The study cohort consisted of 79 patients with IBD, initiating biologic treatment with vedolizumab (n=42) or ustekinumab (n=37). Fifty-nine percent of patients had CD, 29% UC and 11% of the patients IBD-U (Table 1). The sex distribution was slightly skewed towards females (54%). Among the participants, 23 patients were categorized as non-responders at 6 months, while 56 (71%) were responders (Figure 1B). Average age and BMI were comparable between the groups. Non-responders had higher clinical scores at baseline (SCCAI) than responders (p < 0.001). Additionally, levels of fecal calprotectin tended to be higher in non-responders (1856) at baseline compared to responders (1149), with the trending towards statistical significance (p = 0.07).
2. Baseline analyses of metagenomic and metabolomic data
2.1 Comparable baseline gut microbiome diversity and composition between responders and non-responders
We compared the gut microbiome between responders and non-responders at baseline, i.e. prior to the start of biologic treatment, to identify a possible microbiome signature that predicts response to biologics. We found no differences in baseline Shannon diversity between responders and non-responders (Mann-Whitney U test 0.56, Figure 2A), also when stratifying by biologic (ustekinumab p = 0.76, vedolizumab p = 0.64). No clustering in beta-diversity was observed between responders and non-responders in either the entire cohort or when stratified by biologic treatment, suggesting a comparable overall species composition (Figure 2B). When assessing the impact of responder status on the variance in microbial species composition through multivariable PERMANOVA, it did not explain a significant part of the variance (R2 = 0.008, p = 0.96). However, sequencing read depth (R2 = 0.025, p = <0.001), prior resections (R2 = 0.023, p = 0.002), and biologic (R2 = 0.023, p = 0.005) did contribute significantly to the composition variance. For pathways, responder status did not explain a significant portion of the variance as well, while antibiotic usage (R2 = 0.026, p = 0.047) and sequencing read depth (R2 = 0.032, p = 0.014) were found to have significant effects. This suggests that at baseline there is no distinction in the functional abilities of the gut microbiome between responders and non-responders, however the use of antibiotics does seem to affect the metabolic potential of the gut microbiome.
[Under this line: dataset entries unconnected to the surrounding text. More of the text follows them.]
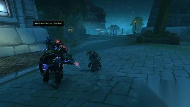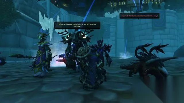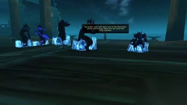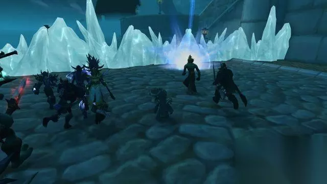 众人打碎冰墙,赶到码头的下一层。然而一支由暗夜精灵女祭司带领的部队拦住了去路。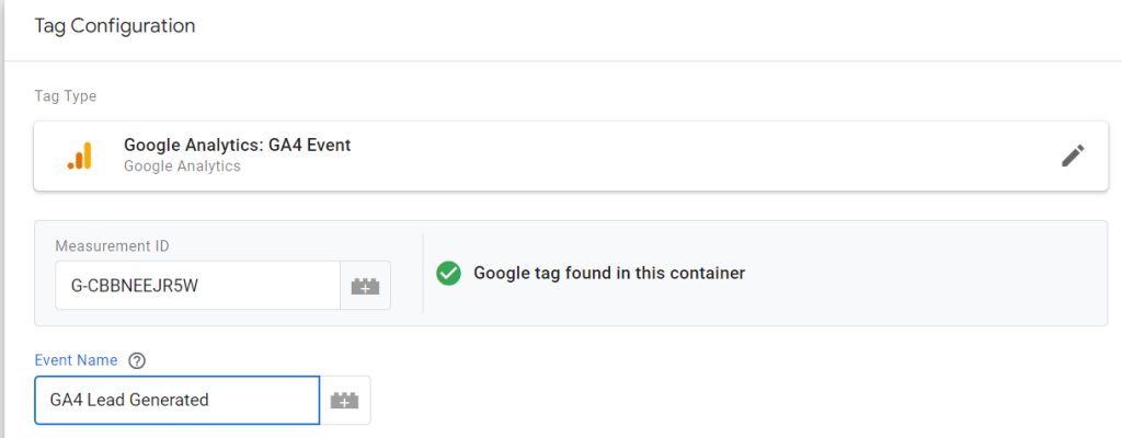Paso-8: Especifica el nombre del evento. El nombre del evento que proporciones aquí aparecerá en tus informes de GA4 Analytics. En nuestro caso, estoy dando el nombre ‘GA4 Lead Generated’.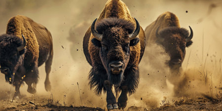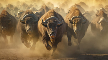A powerful American bison charges through a dusty prairie, showcasing its strength and majesty. The golden hour light enhances the wild beauty of this iconic animal in its natural habitat.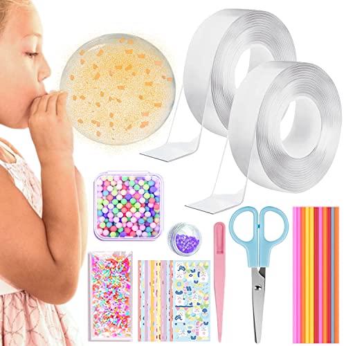 Set di 31 bolle nano-nastro, bolla nastro, bolla nastro, nastro bolla nano, nastro trasparente multiuso per poster, kit fai da te, giocattolo di decompressione con glitter e paglia.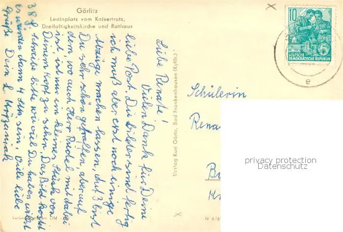 Goerlitz_Sachsen Leninplatz vom Kaisertrutz Dreifaltigkeitskirche und Rathaus Goerlitz Sachsen postalisch gelaufen nach 1965 Erhaltung siehe scans [WerneD78] WernPID7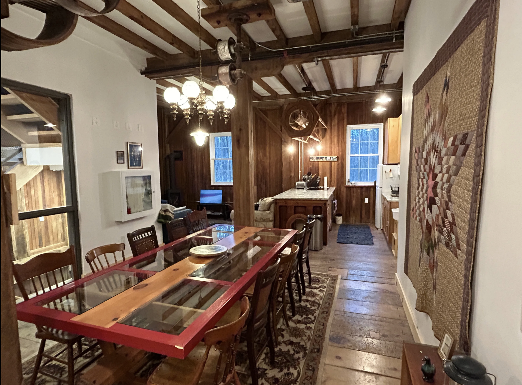 The retreat space is large and thoughtfully laid out, with multiple areas for shared meals, group gatherings, and unhurried conversation. There is room to sit together by the fire, linger in shared spaces, and feel the ease of being among others who understand.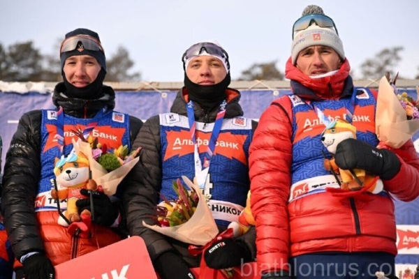 Иван Котлов, Савелий Коновалов и Карим Халили. Фото: Союз биатлонистов России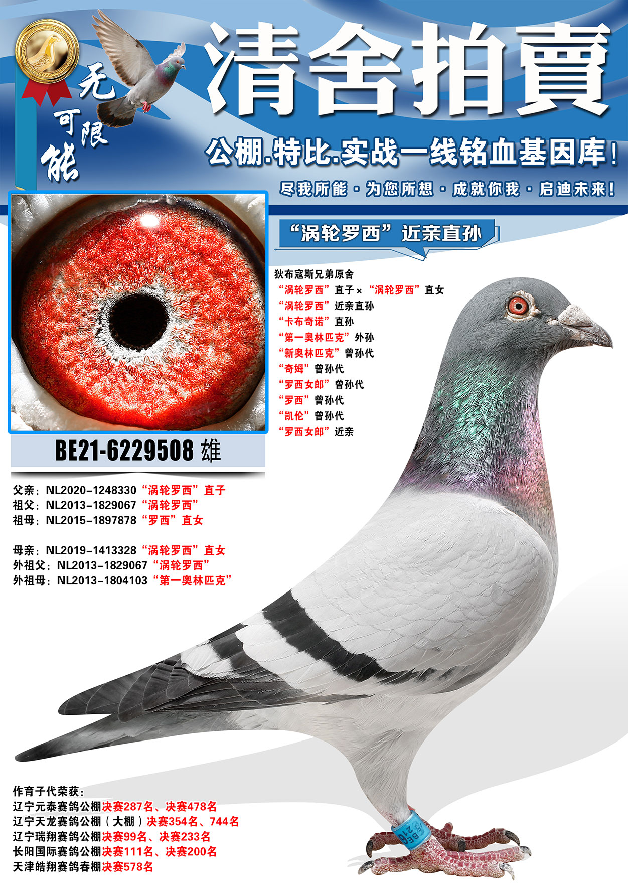 所有拍卖鸽全部血统真实!!个人鉴鸽观点不一,飞不飞天上见.血统成绩第一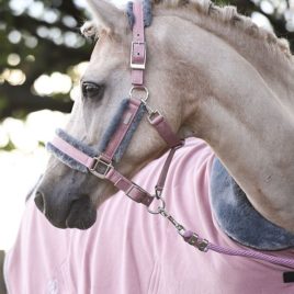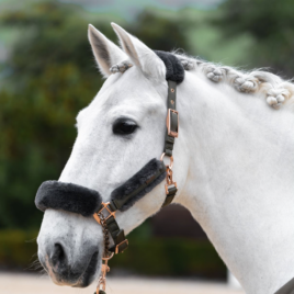 Head collar Dolci has a soft faux fur padding and is finished with a silver cord on the noseband, cheek pieces and crown piece.

2.2 No differential abundant species and pathways between responders and non-responders
Next, we explored whether the microbiome composition at species and pathway level was correlated to response. We modeled CLR-transformed species and pathway abundances using linear regression, accounting for covariates as described in the methods. Our analysis did not identify any species with differential abundance between responders and non-responders at baseline that surpassed the FDR threshold of 0.1. However, when considering nominal significance, we observed an increase in the species Clostridiales bacterium in responders (p = 0.032, estimate = 1.973, Figure 2C). Stratifying the analysis by biologic treatment did not show any species reaching FDR significance. Our analysis of functional pathways revealed no FDR significant pathways with differential abundance between responders and non-responders at baseline, however when considering nominal significance (p<0.05) four pathways were found to be increased in non-responders (Figure 2C). These pathways are involved in phospholipid biosynthesis, pyruvate fermentation, and phosphatidylglycerol biosynthesis.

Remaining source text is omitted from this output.